Segment Open
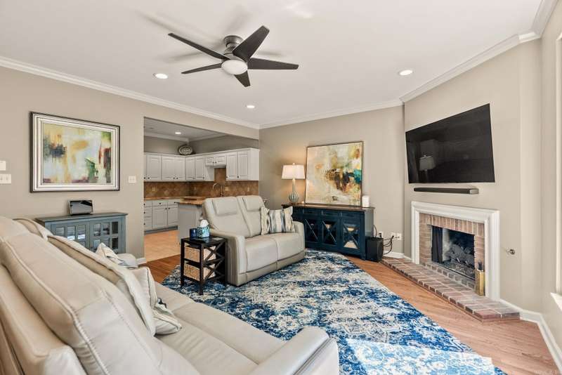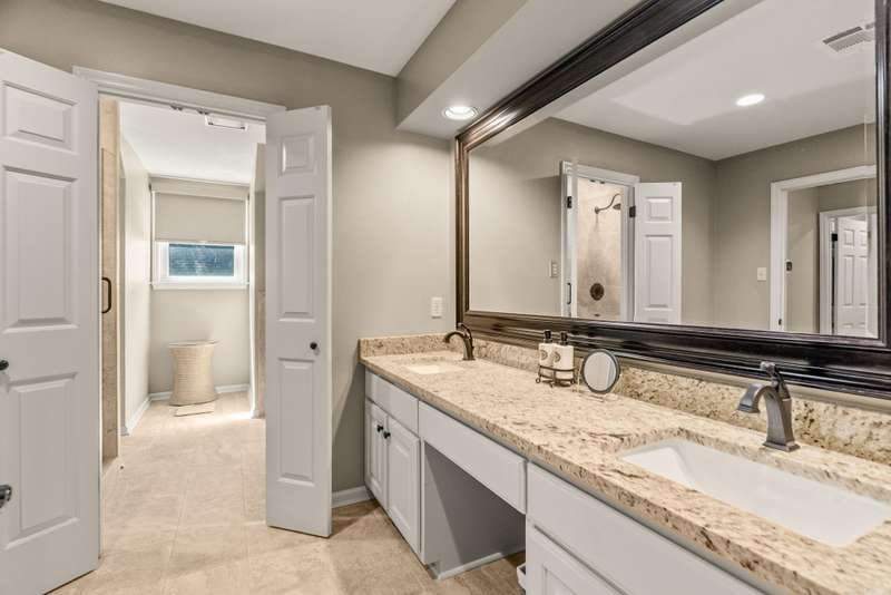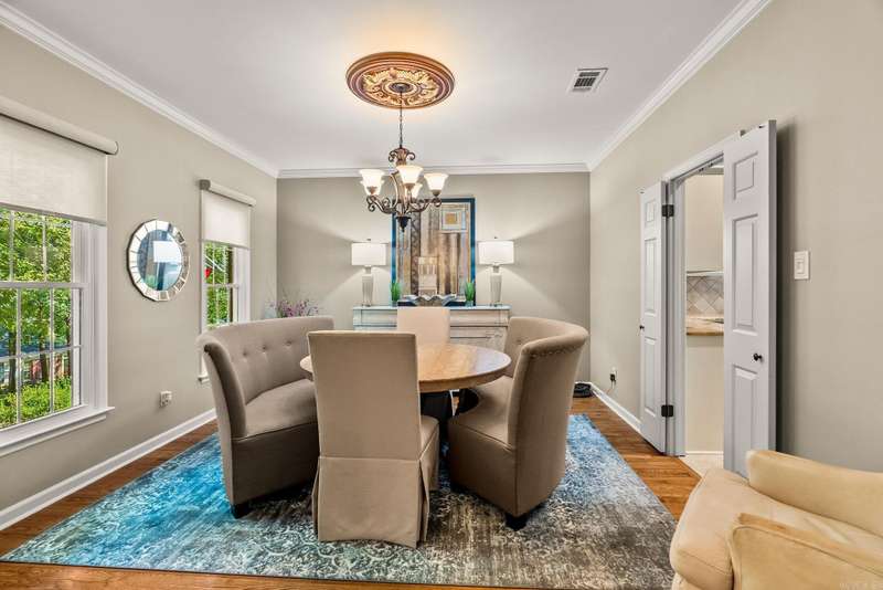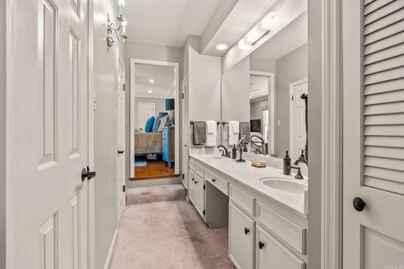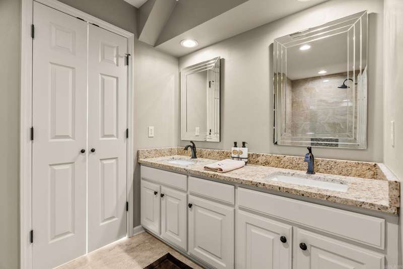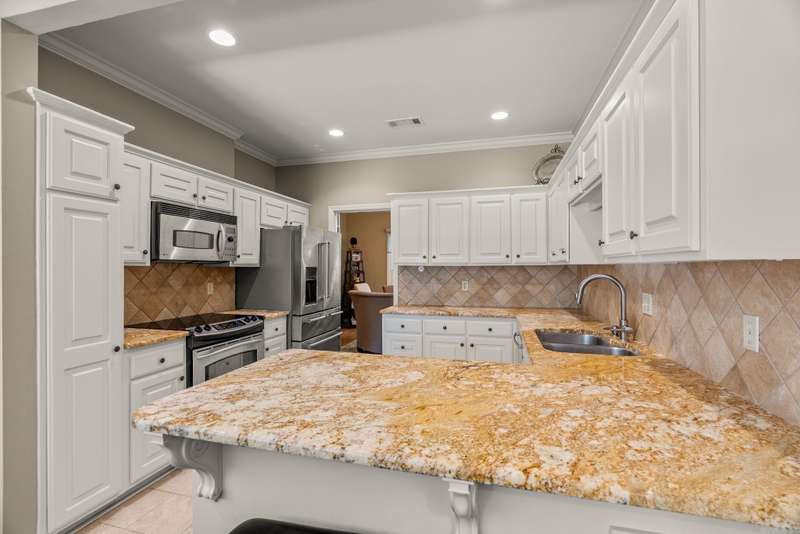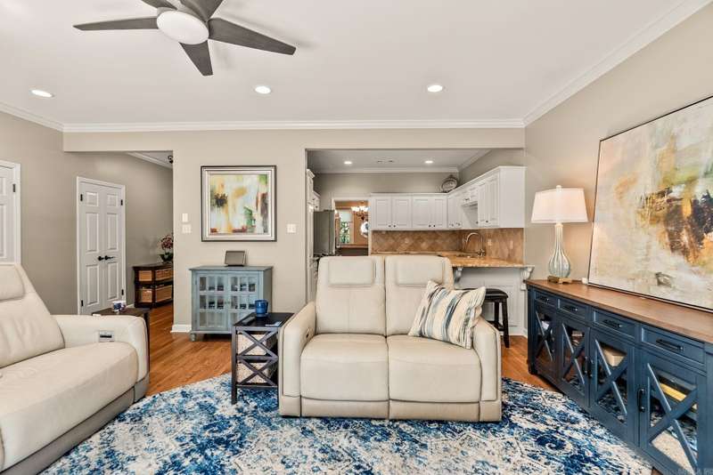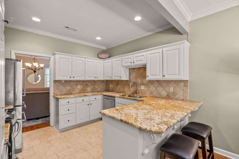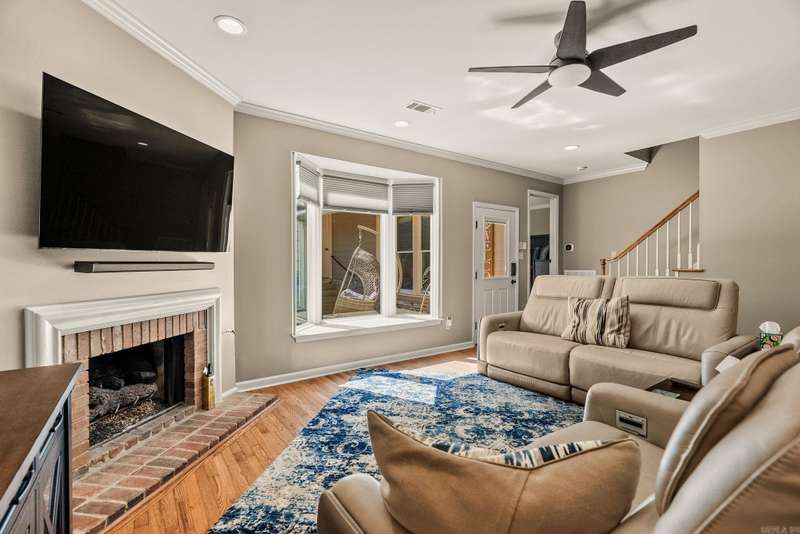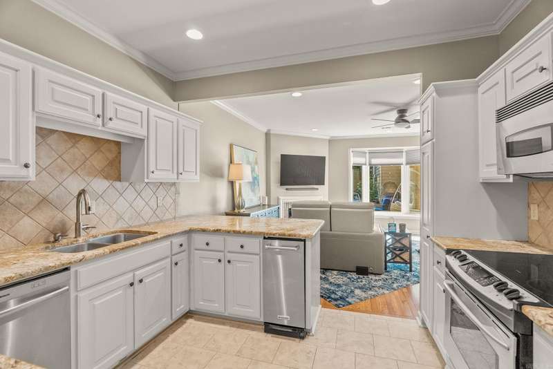 Fantastic Windsor Court condo in wonderful condition. Formal living room with fireplace and bookshelves. Lovely sized dining room. Open kitchen / family room with windows overlooking the flagstone patio. Second fireplace in family room. The kitchen has pretty granite countertops and handy pull out pieces inside the cabinets for maximizing storage. Barstool seating. The downstairs has newer wood flooring and is in great condition. Powder bath, laundry room with storage and wet bar all on the main level as well. Primary bedroom has a double vanities, two walk in closets, shower and tub. Upstairs has two more bedrooms, both with great closets and beautifully remodeled bathrooms. This condo has great storage. Very nice outdoor space that leads to the two car garage. It is covered when walking from the garage to the home. The condo is super close to the pool area!
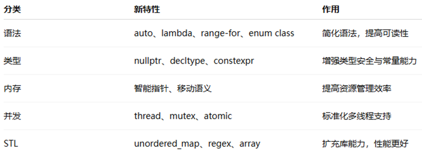 “modern C++(现代 C++)”这个概念通常是相对“经典 C++”(Classic C++)而言的,主要指从 C++11 开始的一系列语言标准,它们在语法、性能、安全性、并发等方面做出了非常大的改进。是 C++ 历史上最重大的版本更新之一,被称为 “现代C++的起点”。
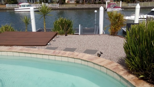 Outside area has an in ground saltwater swimming pool and a private walk ramp down to a pontoon.
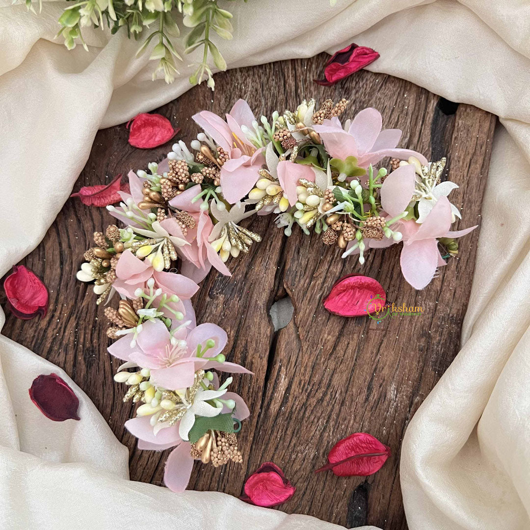 he Vriksham Baby Pink Floral With Beads Veni features soft baby pink blossoms enhanced with delicate bead accents. This sophisticated accessory adds a gentle and elegant touch to traditional hairstyles, perfect for special occasions and celebrations.
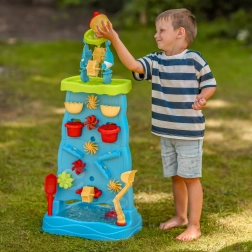 Le montage est rapide et sans outils. Sont inclus de nombreux accessoires : pelles, râteau, tamis, arrosoir, seau, moules et gobelets à eau. Le jouet stimule la perception sensorielle, la pensée logique et la résolution de problèmes, le tout sous forme d’expériences ludiques.
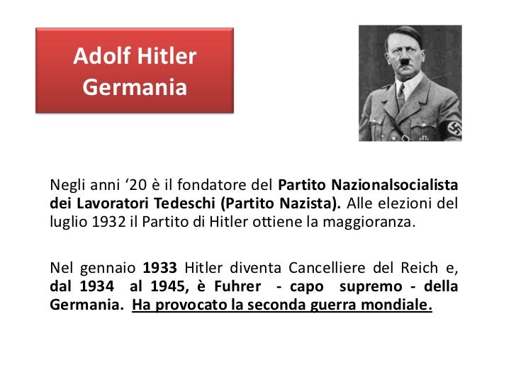 Dal 1933 fino al 1945, Hitler governò la Germania come Führer, instaurando il cosiddetto Terzo Reich (Reich significa “impero” o “regno”. Col primo Reich si intende quello di Ottone I che deriva da Carlo Magno, con il secondo quello di Re Guglielmo nel 1871). Era un regime totalitario, fondato sulla dittatura personale di Hitler, la propaganda di massa, il controllo della società, la repressione di ogni opposizione e la militarizzazione del paese.
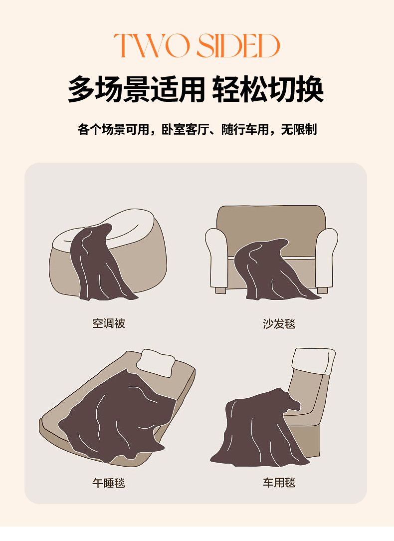 (总)宜代光年 2024新款520g全消光牛奶绒迪奥格盖毯,卡其,米白,柔粉,雾灰
Segment Closed
PROBLEM DETAILS: What you return must match the entries above exactly, apart from the pictures, which are left out.

ANSWER FOR THIS EXERCISE:
 Fantastic Windsor Court condo in wonderful condition. Formal living room with fireplace and bookshelves. Lovely sized dining room. Open kitchen / family room with windows overlooking the flagstone patio. Second fireplace in family room. The kitchen has pretty granite countertops and handy pull out pieces inside the cabinets for maximizing storage. Barstool seating. The downstairs has newer wood flooring and is in great condition. Powder bath, laundry room with storage and wet bar all on the main level as well. Primary bedroom has a double vanities, two walk in closets, shower and tub. Upstairs has two more bedrooms, both with great closets and beautifully remodeled bathrooms. This condo has great storage. Very nice outdoor space that leads to the two car garage. It is covered when walking from the garage to the home. The condo is super close to the pool area!
 “modern C++(现代 C++)”这个概念通常是相对“经典 C++”(Classic C++)而言的,主要指从 C++11 开始的一系列语言标准,它们在语法、性能、安全性、并发等方面做出了非常大的改进。是 C++ 历史上最重大的版本更新之一,被称为 “现代C++的起点”。
 Outside area has an in ground saltwater swimming pool and a private walk ramp down to a pontoon.
 he Vriksham Baby Pink Floral With Beads Veni features soft baby pink blossoms enhanced with delicate bead accents. This sophisticated accessory adds a gentle and elegant touch to traditional hairstyles, perfect for special occasions and celebrations.
 Le montage est rapide et sans outils. Sont inclus de nombreux accessoires : pelles, râteau, tamis, arrosoir, seau, moules et gobelets à eau. Le jouet stimule la perception sensorielle, la pensée logique et la résolution de problèmes, le tout sous forme d’expériences ludiques.
 Dal 1933 fino al 1945, Hitler governò la Germania come Führer, instaurando il cosiddetto Terzo Reich (Reich significa “impero” o “regno”. Col primo Reich si intende quello di Ottone I che deriva da Carlo Magno, con il secondo quello di Re Guglielmo nel 1871). Era un regime totalitario, fondato sulla dittatura personale di Hitler, la propaganda di massa, il controllo della società, la repressione di ogni opposizione e la militarizzazione del paese.
 (总)宜代光年 2024新款520g全消光牛奶绒迪奥格盖毯,卡其,米白,柔粉,雾灰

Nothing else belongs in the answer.